Can you set down, exactly as they appear below, the lines from the opening of the material through the one bearing "WEDO Geldkassette mit", minus the pictures?

__Data for processing__:
-------

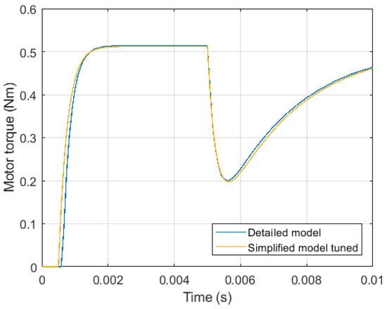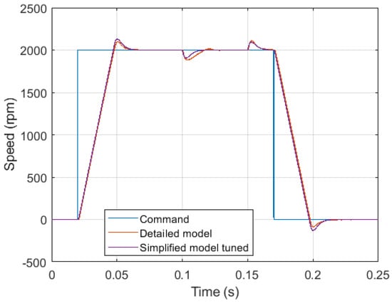 Subsequently, the model was subjected to the speed loop testing phase, which involved a rotor speed step demand of 2000 rpm from 20 ms to 170 ms. To test the disturbance rejection of the regulator, a disturbance torque step of 2.5 Nm was applied on the motor shaft from 100 ms to 150 ms. The results of this second phase of parameter tuning are represented in Figure 19, from which it is possible to observe the good correspondence between the high-fidelity reference model response and the speed obtained from the proposed model. The results consider both the already tuned current loop and the speed loop.
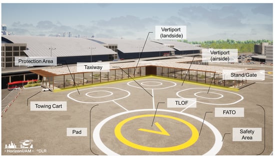 - Schweiger, K.; Knabe, F.; Korn, B. Urban Air Mobility: Vertidrome Airside Level of Service Concept. In Proceedings of the AIAA AVIATION 2021 FORUM, Virtual Event, 2–6 August 2021. [Google Scholar] [CrossRef]
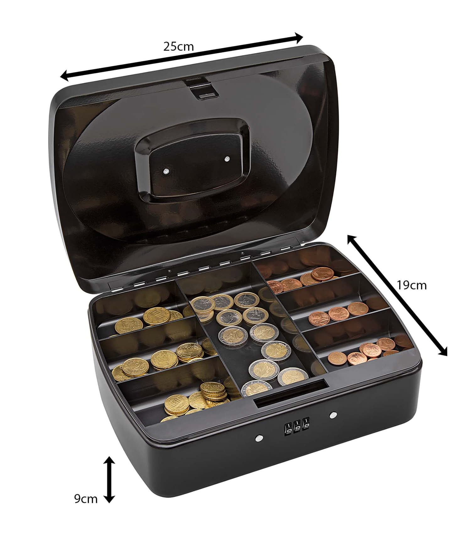 WEDO Geldkassette mit Zahlenschloss, Größe 3. Die Geldkassetten sind aus pulverbeschichtetem, nahtlos gezogenem Stahl gefertigt und mit einem versenkbaren Tragegriff sowie einem Münzeinsatz aus Kunststoff mit 7 Fächern ausgestattet. Das Sicherheitsschloss ist über einen 3-stelligen Zahlencode individuell einstellbar. Damit kann auch einer größeren Anzahl von Nutzern der Zugriff gewährt und jederzeit korrigiert werden, ohne dass Schlüssel notwendig sind. Farbe: schwarz. Maße: 25 x 19 x 9 cm. Lieferung im Karton.
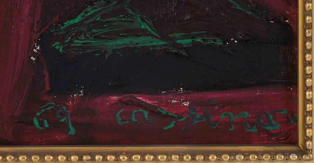 Bruno Cassinari (1912-1992) Senza titolo, 1969 olio su tela, cm 30x40 firmato e datato in basso a destra Opera registrata presso l’Archivio Bruno Cassinari, Milano, in data 29 ottobre 2013, con il n. 3329/C844 in buono stato conservativo Bruno Cassinari (1912-1992), Untitled, 1969 oil on canvas, cm 30x40 signed and dated lower right This work is registered at the Bruno Cassinari Archive, Milan, with the number 3329/C844
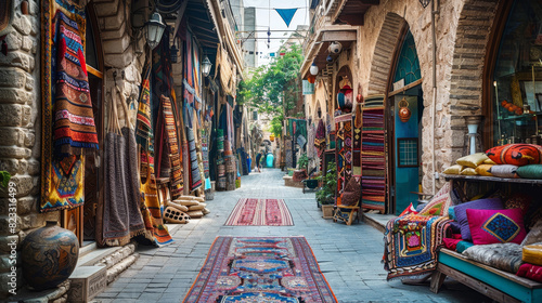 Traditional vibrant bazaar street in the Middle East with colorful handicrafts and lively atmosphere
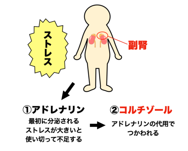 アドレナリンの代わりにコルチゾールが分泌されます。

-------

__Answer area__:
 Subsequently, the model was subjected to the speed loop testing phase, which involved a rotor speed step demand of 2000 rpm from 20 ms to 170 ms. To test the disturbance rejection of the regulator, a disturbance torque step of 2.5 Nm was applied on the motor shaft from 100 ms to 150 ms. The results of this second phase of parameter tuning are represented in Figure 19, from which it is possible to observe the good correspondence between the high-fidelity reference model response and the speed obtained from the proposed model. The results consider both the already tuned current loop and the speed loop.
 - Schweiger, K.; Knabe, F.; Korn, B. Urban Air Mobility: Vertidrome Airside Level of Service Concept. In Proceedings of the AIAA AVIATION 2021 FORUM, Virtual Event, 2–6 August 2021. [Google Scholar] [CrossRef]
 WEDO Geldkassette mit Zahlenschloss, Größe 3. Die Geldkassetten sind aus pulverbeschichtetem, nahtlos gezogenem Stahl gefertigt und mit einem versenkbaren Tragegriff sowie einem Münzeinsatz aus Kunststoff mit 7 Fächern ausgestattet. Das Sicherheitsschloss ist über einen 3-stelligen Zahlencode individuell einstellbar. Damit kann auch einer größeren Anzahl von Nutzern der Zugriff gewährt und jederzeit korrigiert werden, ohne dass Schlüssel notwendig sind. Farbe: schwarz. Maße: 25 x 19 x 9 cm. Lieferung im Karton.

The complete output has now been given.